Everything in her had rebelled at the idea. David Maxwell had nearly taken everything from them. She wasn’t going to let him take their identities. Most importantly, it wasn’t fair to force Rosie to live this lie
with her.
And deep in her heart, Talia didn’t feel like she deserved to disappear into anonymity. Her own bad choices had gotten her into trouble, and part of her penance was living with that truth. For better or worse.

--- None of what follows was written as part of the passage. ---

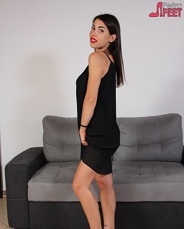 This web site contains sexually explicit material:When a girl like Petra decides to seduce you, you have no chance of battling it. She can do it with her bare feet, nylons, high heels, sandals, you name it. In this video, she is looking amazing as always in her sexy black dress and her black sandals on her incredible feet. She is playing with her toes and feet in those sandals by constantly dangling them and dipping her feet in and out of them at all times. She has no nylons on her legs and her amazing toes can be seen so happy as the sandals straps go between them. Petra will just make you feel so good just by watching her enjoy her new shoes and that is the entire beauty of her foot fetish game.

This, she supposed, was the worse part.
Nothing to do but move past it. What was done was done, and unless she wanted to turn her and Rosie’s lives upside down all over again, she had to accept reality: If a person was motivated to find Talia Vega, there wasn’t much to keep them from tracking her down.
He’d failed.
He hurried into the house, ignoring his mother’s demands to know where he’d been as he raced to his room. He slammed the door behind him and threw the bolt lock, the roaring in his head drowning out the sound of Mother pounding on the door.
He couldn’t think over the twisting sickness in his stomach. He was a loser, an imposter, too weak to do what needed to be done.
Too weak to kill.
He’d hoped number three would be his first. He’d done everything right; everything went exactly according to plan.
Up until the very end, when he messed it up.
Like he always did.
He stripped off his clothes and jumped into the shower, scrubbing away the stink of abject failure. He dressed quickly, tried to quiet his mind. He needed to get a grip on himself—there was still so much to do tonight.
He’d left the experiment running at the campus lab, and he needed to get back in time to analyze the samples before they were ruined. But he couldn’t go yet, not with his brain a scattered roar as he faced the reality of this latest failure.
He wasn’t worried about getting caught. He was too careful for that. But it ate at him like acid that once the drugs wore off and she recovered from her wounds, the bitch would be walking around this earth, a living reminder of his weakness.
He gulped down a glass of cold water and flipped on his computer. He checked his e-mail, and the knot in his stomach twisted tighter when he saw he’d received a Google alert about a new article mentioning Nate Brewster.